**Task goal:**
In the entries below, find the line with "一大早,参加活动的师生集队来" and the line with "Крючки на планке"; reproduce those two lines and all lines between them exactly, without pictures.
*** Provided data Section Begins ***
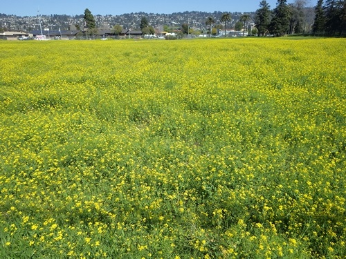 空地いっぱいに菜の花が咲き乱れ
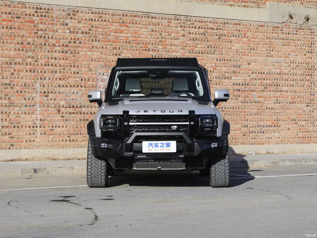 银龙之翼基于普通版旅行者打造,所以一眼就能认出这是经过强化的旅行者。发动机盖高高隆起同时还加入了黑色装饰,气势十足。JETOUR的品牌标识从中网提升至前舱盖,因为中网增加了灯带和JMK标识。前保险杠是前脸升级的重点,造型非常粗犷硬核,而且两侧还有雾灯。
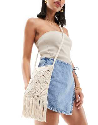Accessorize crochet phone bag with tassles in cream
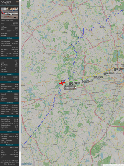 #ad4fe1 #aal2600 #americanairlines #bos #dfw #planefence #adsb
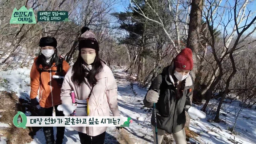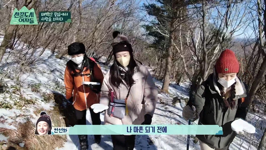 지난 11일 첫 방송된 tvN '산꾼도시여자들'에서는 지난해 드라마 '술꾼도시여자들'로 사랑받은 한선화, 정은지, 이선빈이 태백산에 오르는 여정이 전해졌다. 세 사람은 드라마 이후 '찐친'으로 발전했다고 알려져 있다.
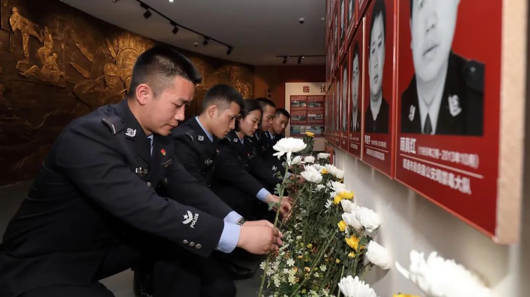 一大早,参加活动的师生集队来到省禁毒教育基地,共同缅怀曾经并肩战斗的战友和前辈,追思他们用生命和信仰书写的英雄事迹。英烈纪念墙前,大家肃穆伫立,手捧菊花,为英勇献身的公安英烈默哀、鞠躬,深情缅怀、寄托哀思。
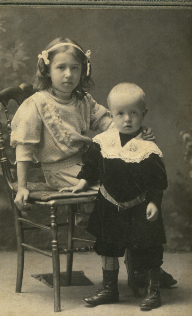 Фотоателье Н. Сажина, Муром. Детский портрет: Софья и Иван Сокольские. 1908-1909.
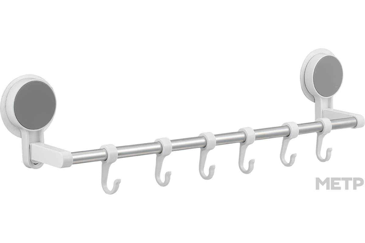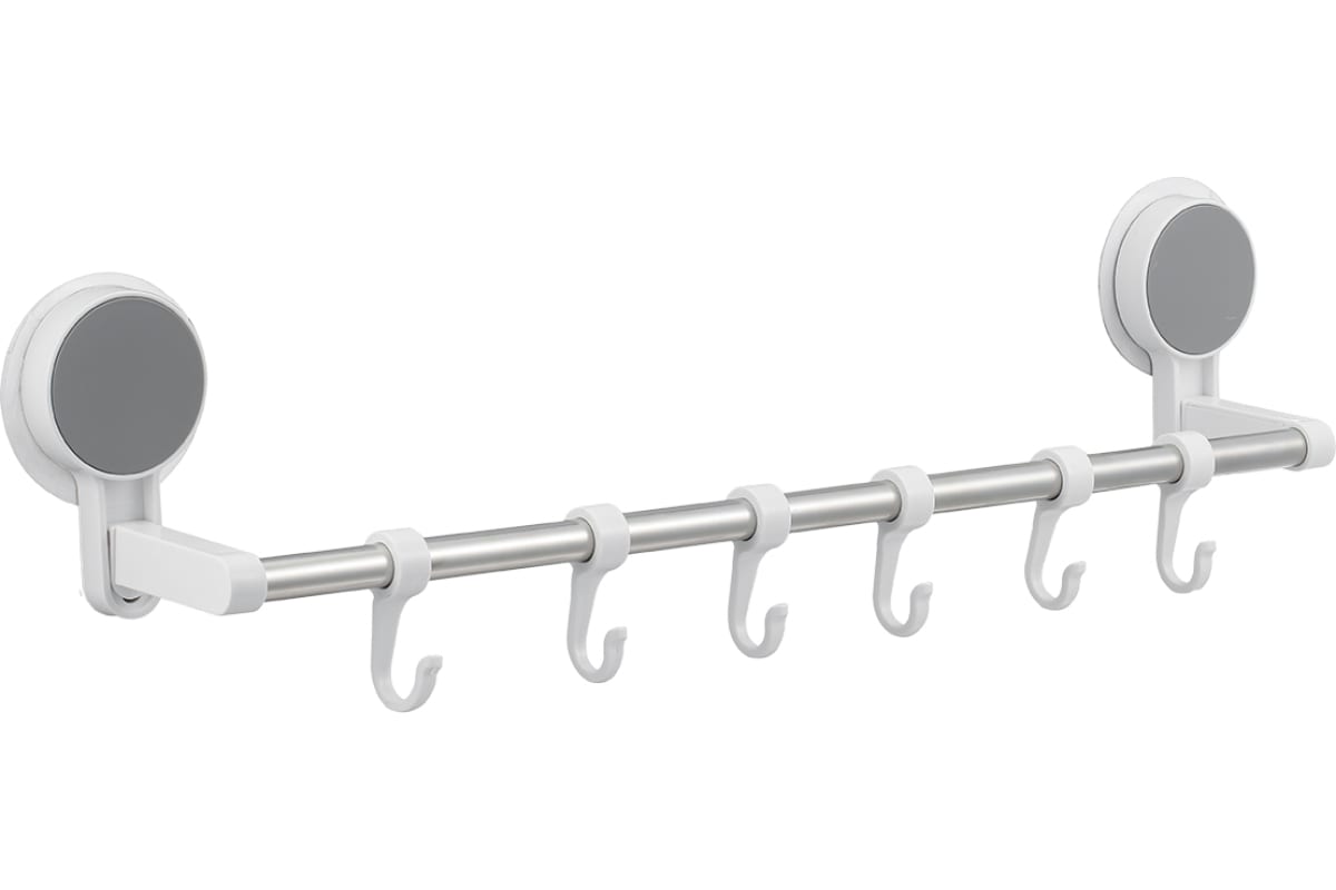 Крючки на планке 6 штук. Изготовлены из ABS-пластика и нержавеющей стали 201. Высокая устойчивость к коррозии. Монтируются к стене при помощи стикера.
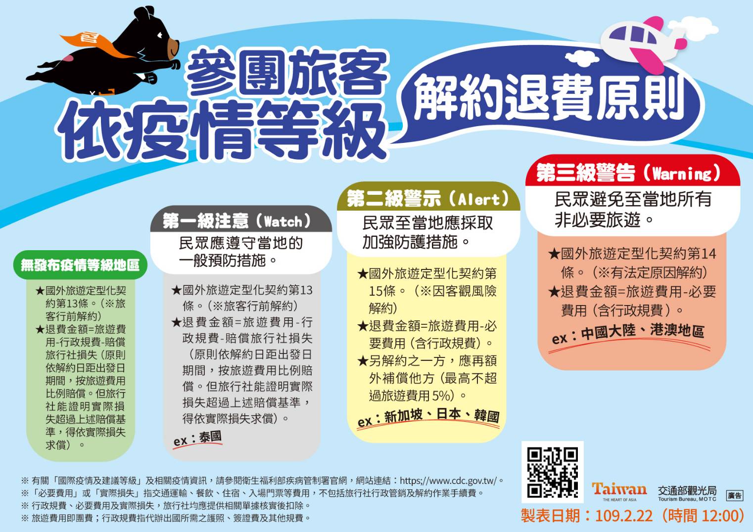 根據交通部觀光局表示,如果是前往的國家,被列為第三級:警告 範圍,那麼旅行團將會扣除必要費用外,全額退費;若是第二級: 警示(新加坡、韓國、日本) ,除了扣除必要費用外,再扣掉 5% 團費
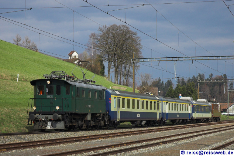 Der BLS-Charterzug verlässt die Station Hüswil im Kanton Luzern, nur noch wenige m, dann ist der Kanton Bern erreicht. Ein kurzes Wolkenloch bescherte ein annehmbares Bild (05.04.2008).
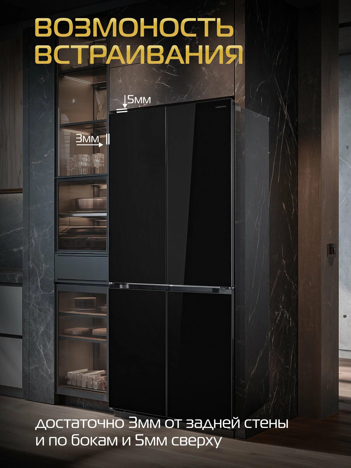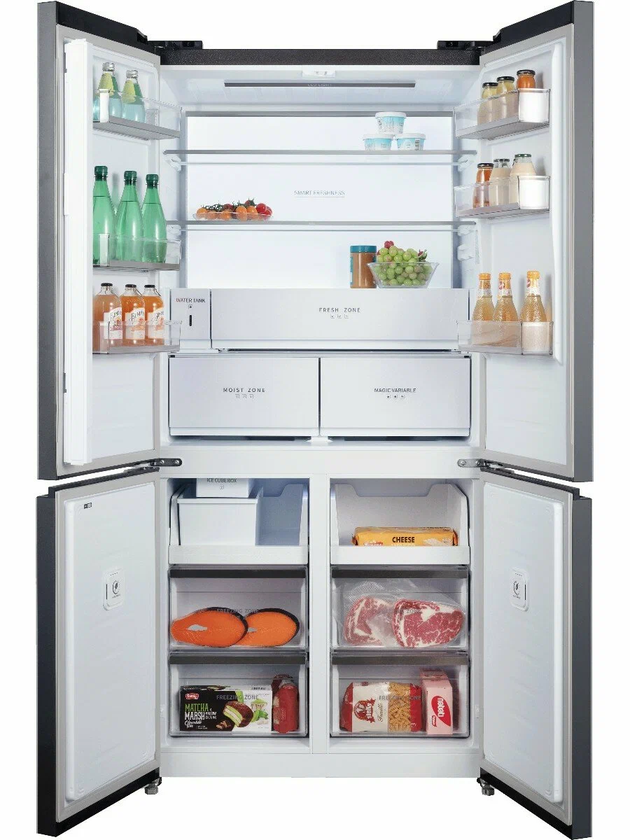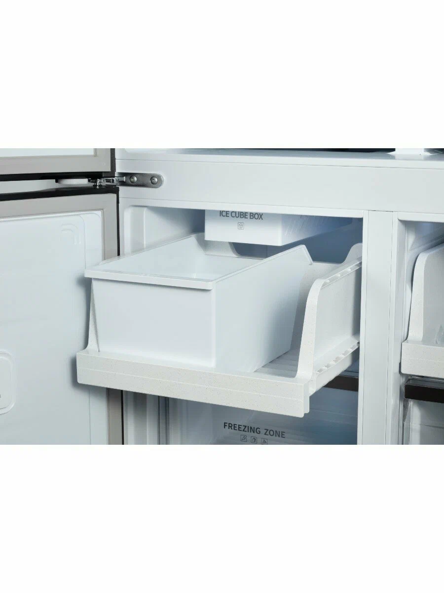 HIBERG i-RFQ 705G B — это уникальный четырехдверный холодильник с элегантным фасадом из черного мерцающего стекла, рассчитанный на тех, кто ценит высокую вместимость, современный дизайн и функциональные решения. Высота модели составляет 191 см, а глубина — всего 60 см, что делает её идеальной для встраивания в кухонный гарнитур без зазоров и потери пространства.Впечатляющий общий объем 600 литров и продуманная организация внутреннего пространства позволяют легко распределять продукты, а двери с открытием на 90° обеспечивают полный доступ даже при установке рядом с мебелью. Фантомный сенсорный дисплей, встроенный в стеклянный фасад, сохраняет минимализм внешнего вида и интуитивность управления.Интеллектуальное хранение и премиальная эргономикаВ холодильной камере расположено три вместительных выдвижных ящика на металлических направляющих. Один из них оснащён регулятором влажности и предназначен для овощей, зелени и фруктов — здесь поддерживаются оптимальные условия для сохранения свежести. Второй — это просторная мультитемпературная зона FLEX ZONE с возможностью выбора одного из трёх режимов: -4, 0 или +4 °С. Благодаря своей глубине и объему, этот ящик отлично подходит для хранения мяса, напитков или фруктов — в зависимости от потребностей.Все ящики имеют фасады из закаленного стекла, что придаёт им премиальный внешний вид и устойчивость к повреждениям. Полки выполнены из стекла, боковые карманы вместительны, а Ambient-подсветка задней стенки мягко освещает содержимое, делая использование холодильника комфортным в любое время суток.Уверенная заморозка и ледогенератор без подключения к водопроводуВ морозильной камере объёмом 197 литров находятся четыре удобных выдвижных ящика и светодиодная подсветка. Холодильник поддерживает производительность замораживания до 12 кг в сутки, а при отключении электроэнергии способен сохранять холод до 12 часов.Модель располагает автоматическим ледогенератором, который не требует подключения к водопроводу. Вода заливается вручную во встроенный резервуар объёмом 1,6 литра — и вы всегда получаете свежий лед в любое время. В морозильной камере предусмотрен контейнер для сбора льда, а в комплекте поставляется удобная лопатка.Технологии хранения и чистотыСистема Total No Frost исключает образование инея, равномерно распределяя холодный воздух по всем отделениям. Это избавляет от необходимости размораживания и способствует сохранению оптимального уровня температуры.Встроенный фильтр Pure Space эффективно устраняет запахи и очищает воздух внутри камер. Благодаря ему продукты дольше остаются свежими, не впитывают посторонние ароматы, а холодильник сохраняет чистоту и приятный микроклимат.Инверторный компрессор обеспечивает стабильную работу при низком уровне шума — всего 38 дБ, а класс энергоэффективности A+ гарантирует умеренное потребление электроэнергии (474,5 кВт/год). Управление всеми зонами осуществляется через сенсорную панель с фантомным дисплеем, на котором можно задать точные значения температуры и активировать нужные режимы: от суперзаморозки до интеллектуальной автонастройки.HIBERG i-RFQ 705G B — это холодильник нового поколения, в котором объединены максимальная вместимость, гибкие температурные зоны, встраиваемый корпус и ледогенератор без подключения к водопроводу. Это технологичное и эс
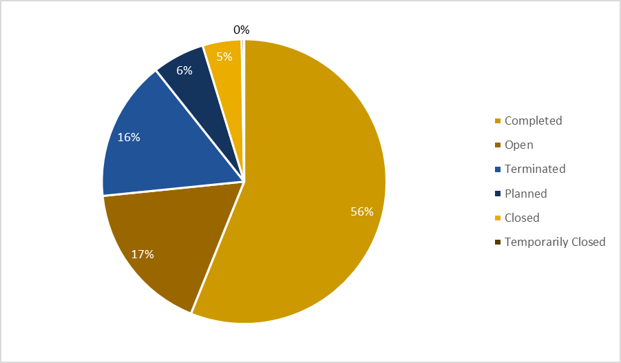 China, followed closely by the United States, leads the field in quantity of NHL trials. Of the 2,675 ongoing trials, China participates in 46.6% and the US in 34.1%. From the table below, we can see that sites are spread around the world.
*** Provided data Section Ends ***
**Answer for this exercise:**
 一大早,参加活动的师生集队来到省禁毒教育基地,共同缅怀曾经并肩战斗的战友和前辈,追思他们用生命和信仰书写的英雄事迹。英烈纪念墙前,大家肃穆伫立,手捧菊花,为英勇献身的公安英烈默哀、鞠躬,深情缅怀、寄托哀思。
 Фотоателье Н. Сажина, Муром. Детский портрет: Софья и Иван Сокольские. 1908-1909.
 Крючки на планке 6 штук. Изготовлены из ABS-пластика и нержавеющей стали 201. Высокая устойчивость к коррозии. Монтируются к стене при помощи стикера.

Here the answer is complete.